The most impressive element of The Royal Hotel, as it was with The Assistant before it, is how it never goes beyond its limitations, and I mean that in a good way. This is the kind of movie where no big dramatic event has to happen in order to get its point across, because the tone and vibes that Green spends her movie building up have already done the heavy-lifting, and if it were to suddenly turn into an all-out genre climax, ideally something along the lines of Straw Dogs or I Spit On Your Grave, it would not have matched the aesthetic of the rest of the movie.

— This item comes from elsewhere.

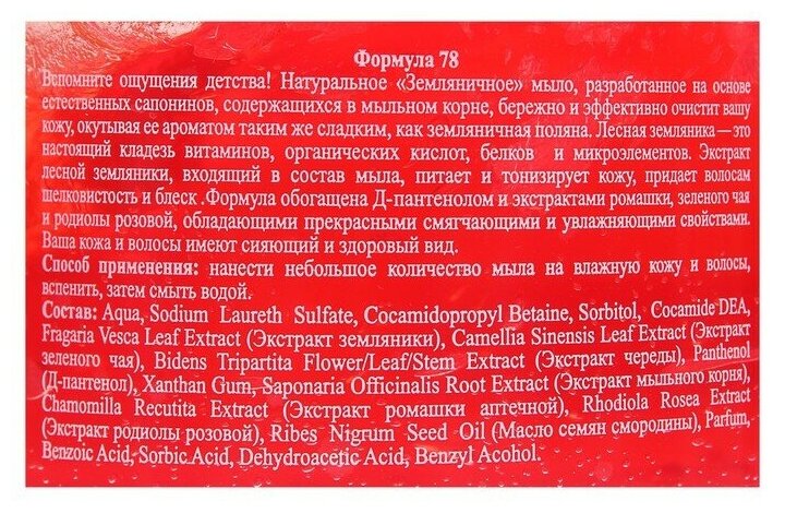 Запах, большой объем, многофункциональность, шикарная пена Недостатки: Ненатуральный состав Запах настоящей земляники, пена пушистая, нежная. Много применений. Я использую как: 1. Гель/мыло для душа 2. Пена для ванной 3. Гель для бритья Жаль, производитель обманывает насчет натуральности |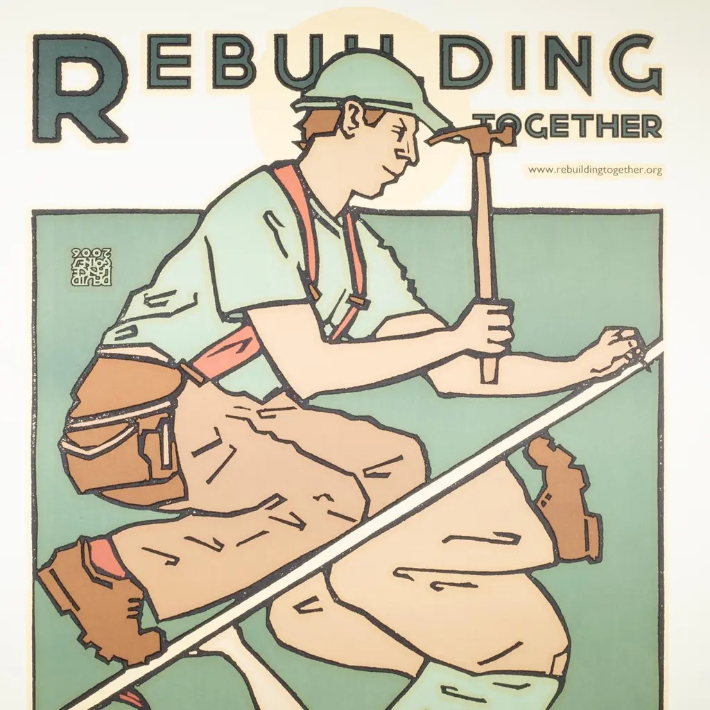 ABOUTAn original lithograph poster for the Rebuilding Together organization. Can be flipped over and hung two ways. Printed on thick archival paper. Artist stamp and date top left in two areas. Unsigned. Two available. CREATOR David Lance Goines (1945-2023). DATE OF MANUFACTURE c.2006. MATERIALS AND TECHNIQUES Archival Paper, Lithograph. CONDITION Good. Near mint condition. DIMENSIONS Sheet: H 24 in. W 16.5 in.HISTORYArtist and writer David Lance Goines was born May 29, 1945 in Grants Pass, Oregon. He attended the University of California at Berkeley as a Classics major, but in his second year was expelled as a consequence of his participation in the Free Speech Movement. Though later readmitted, he had by then lost his taste for higher education and in 1965 apprenticed with a Berkeley printer, becoming in the fullness of time a journeyman of that Art and Mystery. He is the author of five books, collaborated on three, and his work has been the subject of six others.His evocative posters helped define the aesthetic of Berkeley’s counterculture, beginning with his sensuous images for Chez Panisse, the artisanal French restaurant opened by Alice Waters, a former girlfriend.

It is a much more contained and thought-provoking thriller that therefore feels more powerful in its smaller stature, with themes that are certainly obvious but executed well, with a degree of subtlety that positions Green as a rising mistress of suspense.

SO, TO SUM UP…

The Royal Hotel is a suspenseful and impressively contained thriller that sees filmmaker Kitty Green exploring the dangerous passivity of toxic male behaviour through a neatly-layered script and slow-burn direction which, on top of formidable turns by Julia Garner and Jessica Henwick, makes her a rising mistress of suspense.